So, as I said, we settled in for a morning’s doze when HE turned up and started putting up ladders right in our midst. Then, as if this wasn’t enough, HE started re-arranging us, locking us in and then moving us around as HE moved the ladder about and climber up and down and made drilling and banging noises. Obviously his got on my nerves and there were a few little spats, ears back, teeth grinding and wall kicking between Mims and I, Mims and XT and me and XT (somehow Wicky just lets thing like this just pass over his head). In the end, HE decided to make us all go out into the field and locked the gate behind us. That wasn’t too bad as it was not so appallingly hot as yesterday and we were able to get a few bites of grass while HE carried on putting up the lighting over our boxes. However, then the weather turned and first it started raining and then the thunder and lightning came back. HE had little choice but to let us into the stable again. Fortunately it was virtually lunch time (THEIRS, of course) so HE went away and left us alone. We were just nodding off again when HE was back and out came the ladder again. However, by this time the storms had gone away and I led our herd out to graze again and let HIM just get on with it. When THEY came with our supper, I found out that HE has one more day to go to finish the lighting (if it all works) and then maybe HE will leave us in peace.

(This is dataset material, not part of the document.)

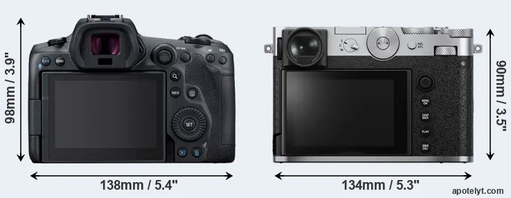The above size and weight comparisons are to some extent incomplete and possibly misleading, as the GFX 100RF has a lens built in, whereas the R5 is an interchangeable lens camera that requires a separate lens. Attaching the latter will add extra weight and bulk to the setup.

I don’t remember if I told you HE has bought himself a petrol lawn mower. Everyone else locally has a ride-on one but HE decided that HE needed the exercise, rather like her doctor. When SHE goes to the doctor, SHE noticed that he entered all the details in his computer and then would go into the next room to get the prescription from his printer. One time when he did this SHE said “Pourquoi?”, why not have a printer in his consulting room? And he replied it is for “le sport” or the exercise. So, similarly HE decided to get a mower that he has to walk behind. Fine normally but the trouble is that when the lawn is too long, the machine keeps stopping and he has to pull a string to restart it over and over again. HIS aim has been to get all the lawn at a reasonable size at the same time and then to mow it more easily. Against this has been the weather which, when HE has managed to cut part of the lawn, rains for several days making the rest too long to cut easily. So, tonight, HE made the supreme effort and got it all cut. It remains to be seen if he now keeps it all at a level to cut easily without stopping all the time or if laziness or train wins out on the end.
THEY went out shopping to the village as it is market day and the lady with the real farm milk, cream and butter is there. It is funny to think of it that while THEY were in England and went shopping in the supermarket, THEY used to buy some special margarine which claimed to reduce cholesterol and semi skimmed milk. No doubt THEY would have lived longer in the UK or, if not, it would have seemed like it.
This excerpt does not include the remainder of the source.